Reliability Over Reasoning
Dedicated deterministic programs are still vastly superior in speed, reliability, and cost-efficiency (this single game shown in the screencast above costs more than $1) and this probably applies to many similar types of problems.
It’s not just about knowing when to use AI, but it’s equally important to learn when not to rely on it.
Notes & Acknowledgments
The test was inspired by a LinkedIn post published 8 months ago by Citrix engineer Robert Jr. Caruso, in which the 1979 Atari 2600 game “Video Chess”, running on modern hardware via the Stella emulator, defeated ChatGPT. The version of “Video Chess” used in the post was the direct predecessor to “Computer Chess” by the same authors.
Unfortunately, I couldn’t find any screen recordings of that test. I would have liked to see it.

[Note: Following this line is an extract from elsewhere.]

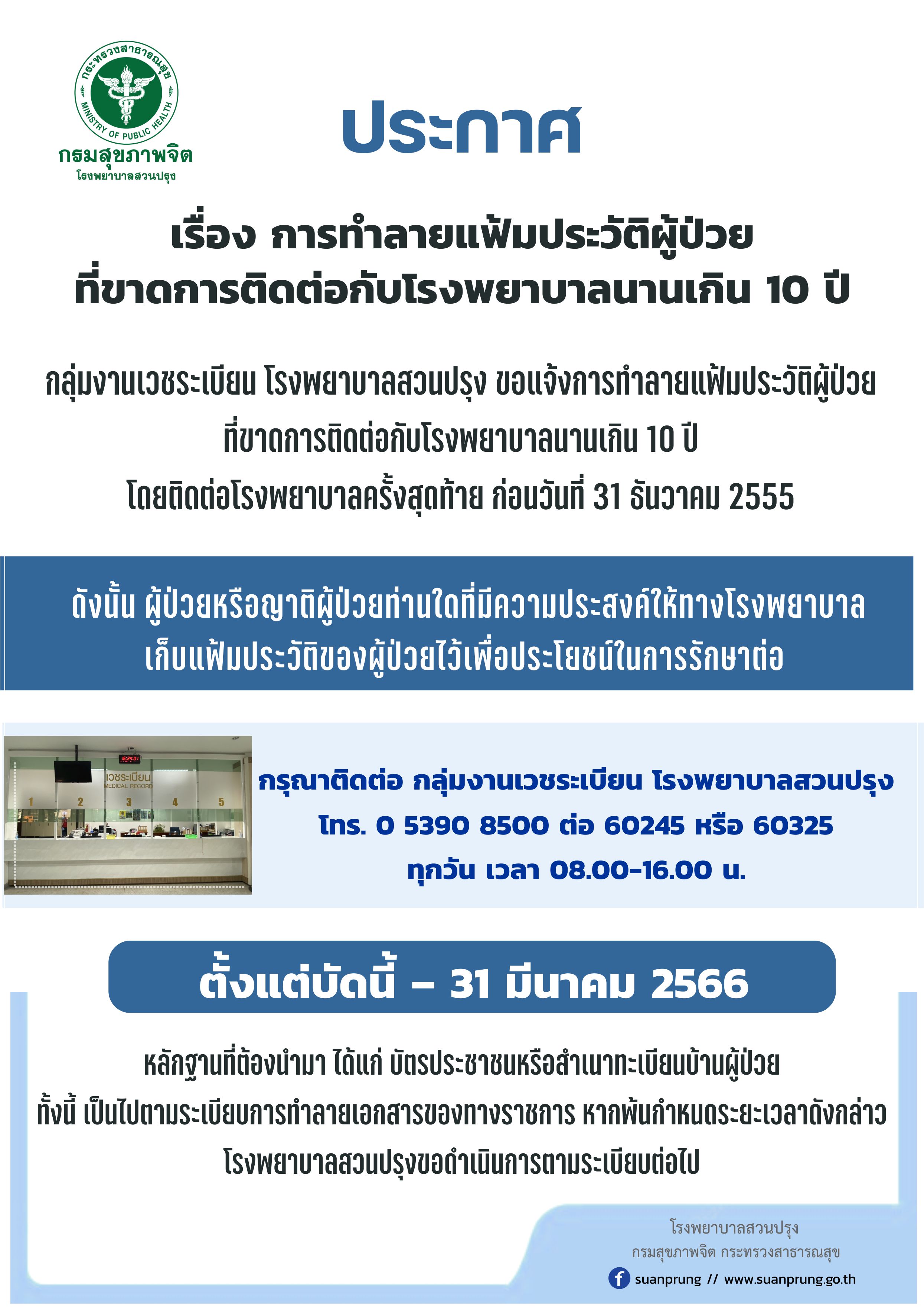 กลุ่มงานเวชระเบียน โรงพยาบาลสวนปรุง ขอแจ้งการทำลายแฟ้มประวัติผู้ป่วย

The Atari 2600 is even more limited in terms of hardware than the Atari 600XL. It has an 8-bit CPU with a clock speed of 1.19 MHz. The RAM is only 128 bytes. The chess game code and data are stored on the 4 KB cartridge. The development of a chess game for hardware with such massive constraints is an incredible achievement by the three people involved in its development. That deserves absolute respect.
If you want to learn more about Video Chess I would recommend the article VIDEO CHESS – NOVEMBER 1979 by Kevin Bunch.
I also wanted to run the test on real hardware. The photo shows that an expansion was installed in the Atari 600XL to provide a DVI output for a flicker-free display. That is the only hardware modification.